+++ Exercise materials +++
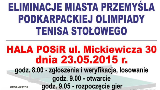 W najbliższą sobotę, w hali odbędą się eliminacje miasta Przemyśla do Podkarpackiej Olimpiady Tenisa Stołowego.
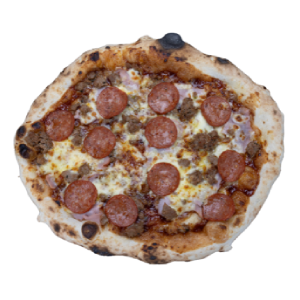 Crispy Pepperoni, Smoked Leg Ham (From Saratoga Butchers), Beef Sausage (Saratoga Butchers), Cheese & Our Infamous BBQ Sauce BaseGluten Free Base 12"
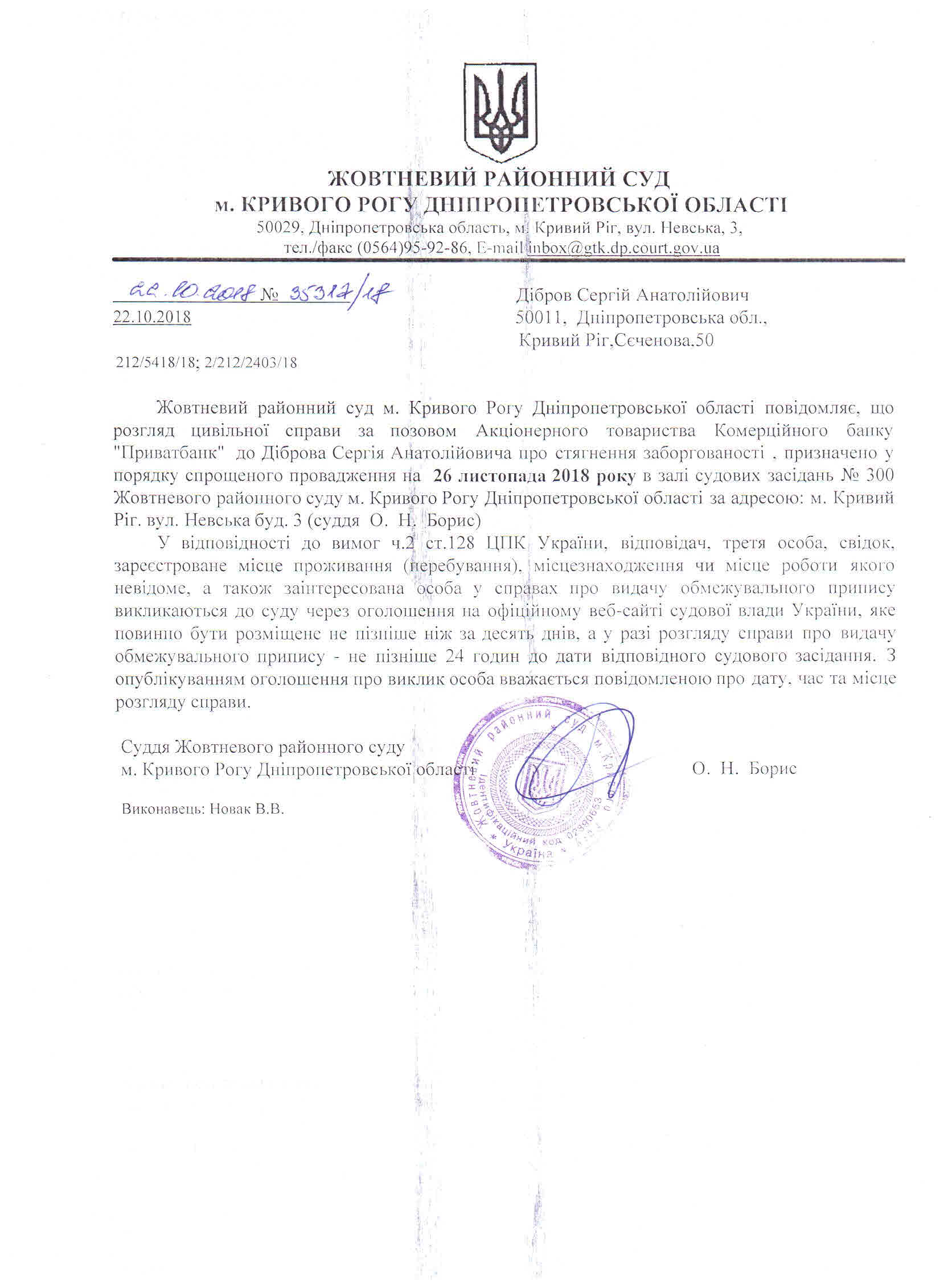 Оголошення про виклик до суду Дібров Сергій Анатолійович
+++
+++ Exercise materials +++
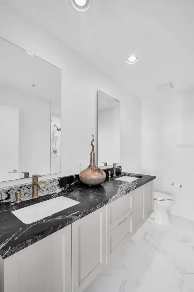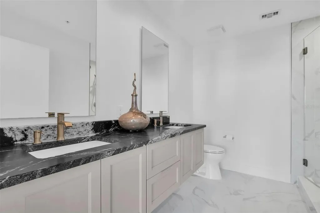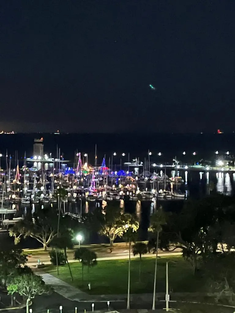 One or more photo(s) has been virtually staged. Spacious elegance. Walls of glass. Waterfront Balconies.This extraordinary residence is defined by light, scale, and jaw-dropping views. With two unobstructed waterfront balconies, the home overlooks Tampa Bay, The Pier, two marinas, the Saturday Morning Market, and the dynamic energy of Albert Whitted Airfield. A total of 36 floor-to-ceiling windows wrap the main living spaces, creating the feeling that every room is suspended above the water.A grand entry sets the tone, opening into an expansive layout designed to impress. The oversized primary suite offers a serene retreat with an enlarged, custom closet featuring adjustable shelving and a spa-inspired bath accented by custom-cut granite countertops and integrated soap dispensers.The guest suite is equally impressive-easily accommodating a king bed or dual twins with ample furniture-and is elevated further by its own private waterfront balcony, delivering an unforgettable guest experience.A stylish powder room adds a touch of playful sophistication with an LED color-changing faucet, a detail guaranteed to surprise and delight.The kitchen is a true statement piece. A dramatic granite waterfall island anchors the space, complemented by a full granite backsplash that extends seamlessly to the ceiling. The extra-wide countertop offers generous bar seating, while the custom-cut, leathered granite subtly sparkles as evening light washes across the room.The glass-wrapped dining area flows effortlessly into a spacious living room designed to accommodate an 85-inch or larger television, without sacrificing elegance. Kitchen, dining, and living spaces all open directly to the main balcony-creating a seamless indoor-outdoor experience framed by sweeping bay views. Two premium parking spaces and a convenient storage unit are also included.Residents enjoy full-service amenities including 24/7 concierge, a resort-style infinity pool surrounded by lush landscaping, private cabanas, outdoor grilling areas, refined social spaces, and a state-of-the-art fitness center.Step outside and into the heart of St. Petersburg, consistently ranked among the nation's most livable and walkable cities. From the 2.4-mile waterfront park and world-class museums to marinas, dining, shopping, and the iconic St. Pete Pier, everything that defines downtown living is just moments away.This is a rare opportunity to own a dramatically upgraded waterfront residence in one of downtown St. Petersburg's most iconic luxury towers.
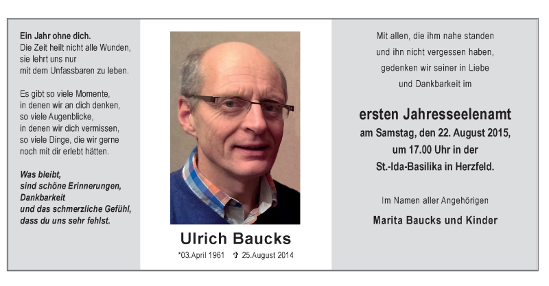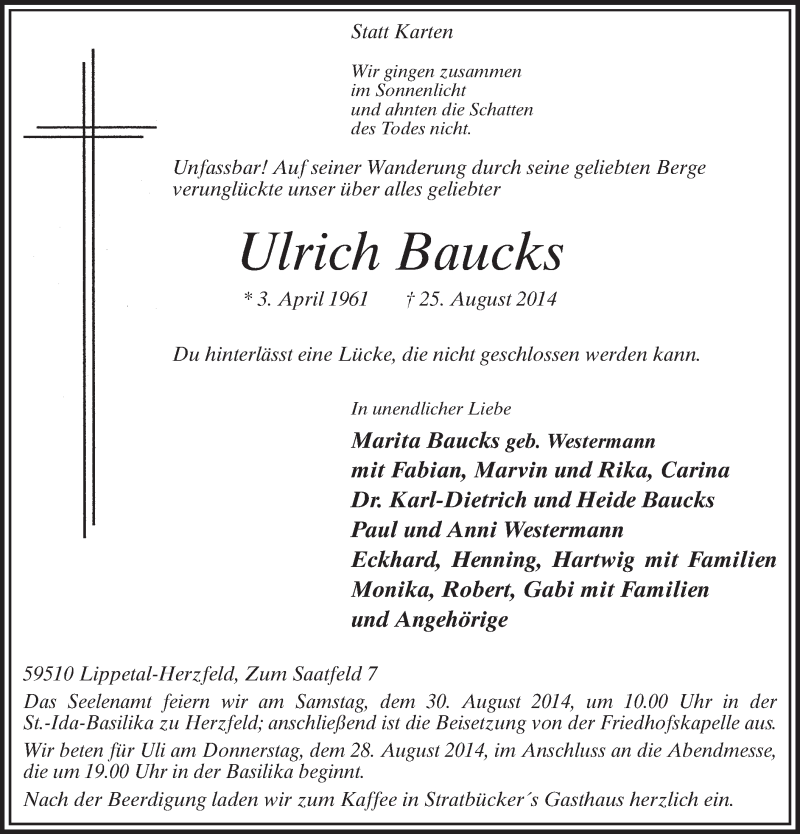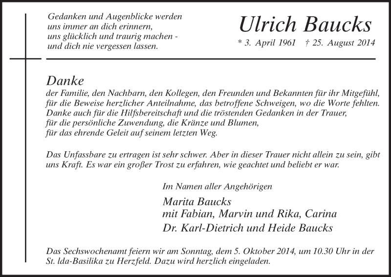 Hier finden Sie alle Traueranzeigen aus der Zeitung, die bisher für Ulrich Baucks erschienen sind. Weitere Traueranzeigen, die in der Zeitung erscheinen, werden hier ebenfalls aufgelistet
+++
→ **Description of the task**
Would you transcribe the lines above exactly, going from the line bearing "W najbliższą sobotę, w" through the line bearing "Оголошення про виклик", and drop the pictures from the copy?

→ **Task solution**
 W najbliższą sobotę, w hali odbędą się eliminacje miasta Przemyśla do Podkarpackiej Olimpiady Tenisa Stołowego.
 Crispy Pepperoni, Smoked Leg Ham (From Saratoga Butchers), Beef Sausage (Saratoga Butchers), Cheese & Our Infamous BBQ Sauce BaseGluten Free Base 12"
 Оголошення про виклик до суду Дібров Сергій Анатолійович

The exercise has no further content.